Making me greatly loved for all I am. My good, and even my bad.

With a love that blesses and soothes in ways I cannot count.  Countless points of love touching my life, flooding my soul, refreshing my heart.

In the quiet things done for me when no one save The One is looking.

And the long hours of prayer which cover me like a comforter, downy warm.

Gentle teachings from God’s Word.

And that certain soft look in his eyes that I have seen not only in moments of sheer bliss, but in the harder times, too.

For all of this and so much more, there are no earthly words with which to utter profound enough thanks.

Only humble, hushed gratitude lived out daily…

I thank my God always concerning you, Michael, for the grace of God which was given you in Christ Jesus
1 Corinthians 1:4

But in those moments after darkness, when for a time I have chosen to shut my eyes to the Light, I am especially grateful for a man who loves and serves Jesus Christ above himself.

A man who lays down his life for me, to present me without spot, wrinkle or blemish before a Holy God.

Moments when I haven’t done my best, when I’ve disappointed both God and husband. These are the beautiful moments, when I see with heart wrenching clarity, the love of Christ in the words and actions of the man whose name I bear.

After years of progressively moving forward, I chide myself when sin prevails, though blotted clear by crimson.

Cringing to admit that my fallen humanness sometimes leads me down an unholy path, tripping over self, stumbling into a dark pit.

And then the love of this one, good, godly man extends a hand to me in sheer Grace, lifting me up, helping me regain perspective, while admonishing where needed.

Reaching across the breach, reassuring me.

Pulling me close so I can see the Light again, recognize my worth…

In Christ.

Lamenting over my poor choices while trusting in Perfect Love.

Coupling repentance with forgiving myself, and reaffirming the true desire of my heart which is to be good.

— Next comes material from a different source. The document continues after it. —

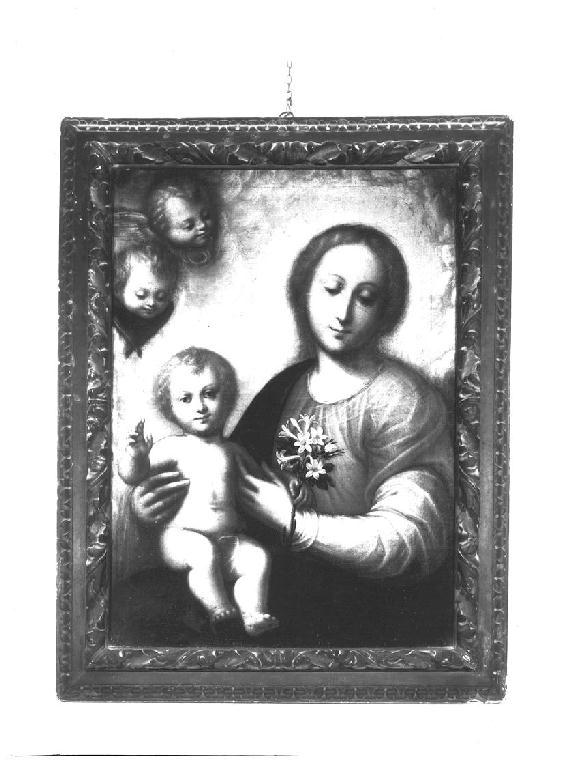 Il dipinto rappresenta la Vergine a tre quarti di figura, in abito rosa e manto azzurro nell'atto di sorreggere il Bambino che con la mano destra benedice e con la sinistra tiene un ramo di gigli. In alto a sinistra è una coppia di cherubini mentre nubi dorate fanno cornice al capo della Madonna

 Therefore you are to be perfect, as your heavenly Father is perfect.
Matthew 5:48

Brushing myself off after forgiveness asked and received, and the issue talked all through.

Pulling up by the bootstraps and purposing to block out the lies of satan which taunt, “You’ll never get this right.”

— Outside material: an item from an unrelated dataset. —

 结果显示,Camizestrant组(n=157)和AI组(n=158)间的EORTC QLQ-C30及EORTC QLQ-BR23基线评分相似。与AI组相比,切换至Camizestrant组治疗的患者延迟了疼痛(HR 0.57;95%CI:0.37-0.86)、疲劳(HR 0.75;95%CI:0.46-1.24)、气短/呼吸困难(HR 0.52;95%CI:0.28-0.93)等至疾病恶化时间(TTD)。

Choosing to believe the truth about myself, that I am precious to the Lord, that He died to save me {all of us!} from my sins, that He is building me from the inside out, that He will always love me.

And then, continuing on…

Awash in the light of His love, surrounded by Holy Grace.

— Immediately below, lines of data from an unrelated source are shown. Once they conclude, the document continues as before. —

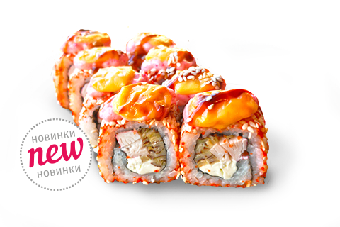 сыр Филадельфия, омлет японский, сыр чеддер, масаго, кунжут, соус унаги
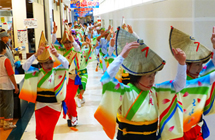 顔見せから組踊り、ちびっ子踊りまで約20分にわたって披露、最後は会場内で参加者とともに総踊り。
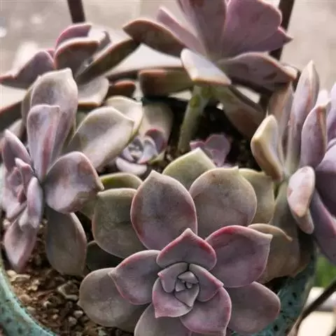 紫珍珠是景天科石莲花属的多年生肉质草本植物。植株中小型;叶片肉质,匙形,呈莲座状紧密排列;叶片粉紫色,…

Moving forward in the strength of the Lord, until the work on earth is done, job finished well.

Filling up leaking places in the foundation with Word that seals in hope, cemented by a love so strong and deep that nothing can destroy it.

Washed by the water of His Word.  Made water tight again.

Resting in the Lord, who is forever always with me, trusting His love that never changes.

Not ever.  No matter what.

 For I am convinced that neither death, nor life, nor angels, nor principalities, nor things present, nor things to come, nor powers, 39 nor height, nor depth, nor any other created thing, will be able to separate us from the love of God, which is in Christ Jesus our Lord.
Romans 8:38-39

Seeing a shadow of this Perfect Love in one imperfect man, perfect for me.

And me for him.

Helping each other to grow up in the Lord as we make our way each day along a journey of a thousand miles — littered here and there with glitches and gravel — to His happily ever after…

Hope is restored!

All is not lost!

Jesus lives!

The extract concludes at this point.